15VIE

Viernes Santo de la Pasión del Señor. Ayuno y abstinencia.
Is 52, 13—53, 12; Sal 30, 2. 6. 12-13. 15-17. 25; Heb 4, 14-16; 5, 7-9.

Evangelio según San Juan 18, 1—19, 42

Jesús fue con sus discípulos al otro lado del torrente Cedrón. Había en ese lugar un huerto y allí entró con ellos. Judas, el traidor, también conocía el lugar porque Jesús y sus discípulos se reunían allí con frecuencia. Entonces Judas, al frente de un destacamento de soldados y de los guardias designados por los sumos sacerdotes y los fariseos, llegó allí con faroles, antorchas y armas. Jesús, sabiendo todo lo que le iba a suceder, se adelantó y les preguntó: “¿A quién buscan?”. Le respondieron: “A Jesús, el Nazareno”. Él les dijo: “Soy yo”. Judas, el que lo entregaba estaba con ellos. Cuando Jesús les dijo: “Soy yo”, ellos retrocedieron y cayeron en tierra. Les preguntó nuevamente: “¿A quién buscan?”. Le dijeron: “A Jesús, el Nazareno”. Jesús repitió: “Ya les dije que soy yo. Si es a mí a quien buscan, dejen que estos se vayan”. Así debía cumplirse la palabra que él había dicho: “No he perdido a ninguno de los que me confiaste”. Entonces Simón Pedro, que llevaba una espada, la sacó e hirió al servidor del Sumo Sacerdote, cortándole la oreja derecha. El servidor se llamaba Malco.

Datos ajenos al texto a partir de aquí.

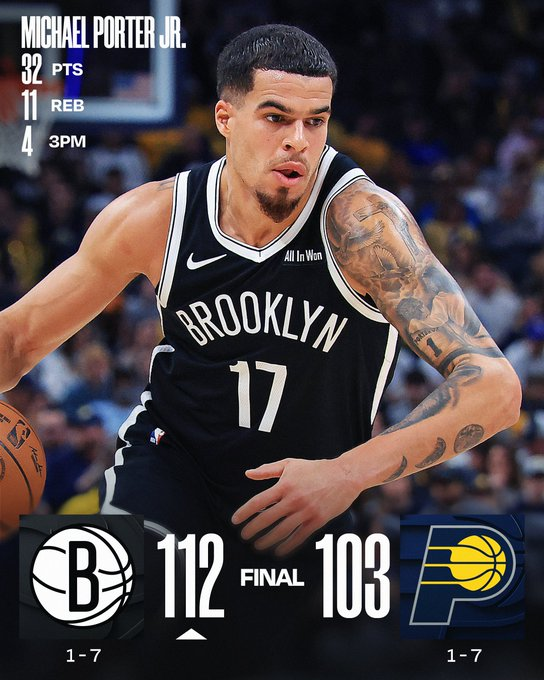 Michael Porter Jr. comandó la primera victoria de los Nets con 32 puntos y 11 rebotes en Indiana. Brooklyn sobrevivió a la baja de Cam Thomas, que salió por una molestia en el isquiotibial, y tuvo a Nic Claxton (18) y Noah Clowney (17) como apoyos claves. Pascal Siakam lideró a los Pacers con 23 puntos y 9 asistencias. Los Nets cerraron con una defensa firme que dejó a Indiana sin puntos por casi tres minutos.

Jesús dijo a Simón Pedro: “Envaina tu espada. ¿Acaso no beberé el cáliz que me ha dado el Padre?”.

El destacamento de soldados, con el tribuno y los guardias judíos, se apoderaron de Jesús y lo ataron. Lo llevaron primero ante Anás, porque era suegro de Caifás, Sumo Sacerdote aquel año. Caifás era el que había aconsejado a los judíos: “Es preferible que un solo hombre muera por el pueblo”.

Entre tanto, Simón Pedro, acompañado de otro discípulo, seguía a Jesús. Este discípulo, que era conocido del Sumo Sacerdote, entró con Jesús en el patio del Pontífice, mientras Pedro permanecía afuera, en la puerta. El otro discípulo, el que era conocido del Sumo Sacerdote, salió, habló a la portera e hizo entrar a Pedro. La portera dijo entonces a Pedro: “¿No eres tú también uno de los discípulos de ese hombre?”. Él le respondió: “No lo soy”. Los servidores y los guardias se calentaban junto al fuego que habían encendido porque hacía frío. Pedro también estaba con ellos, junto al fuego. El Sumo Sacerdote interrogó a Jesús acerca de sus discípulos y de su enseñanza. Jesús le respondió: “He hablado abiertamente al mundo; siempre enseñé en la sinagoga y en el Templo, donde se reúnen todos los judíos, y no he dicho nada en secreto. ¿Por qué me interrogas a mí? Pregunta a los que me han oído qué les enseñé. Ellos saben bien lo que he dicho”. Apenas Jesús dijo esto, uno de los guardias allí presentes le dio una bofetada, diciéndole: “¿Así respondes al Sumo Sacerdote?”. Jesús le respondió: “Si he hablado mal, muestra en qué ha sido; pero si he hablado bien, ¿por qué me pegas?”. Entonces Anás lo envió atado ante el Sumo Sacerdote Caifás. Simón Pedro permanecía junto al fuego. Los que estaban con él le dijeron: “¿No eres tú también uno de sus discípulos?”. Él lo negó y dijo: “No lo soy”. Uno de los servidores del Sumo Sacerdote, pariente de aquél al que Pedro había cortado la oreja, insistió: “¿Acaso no te vi con él en la huerta?”. Pedro volvió a negarlo, y en seguida cantó el gallo.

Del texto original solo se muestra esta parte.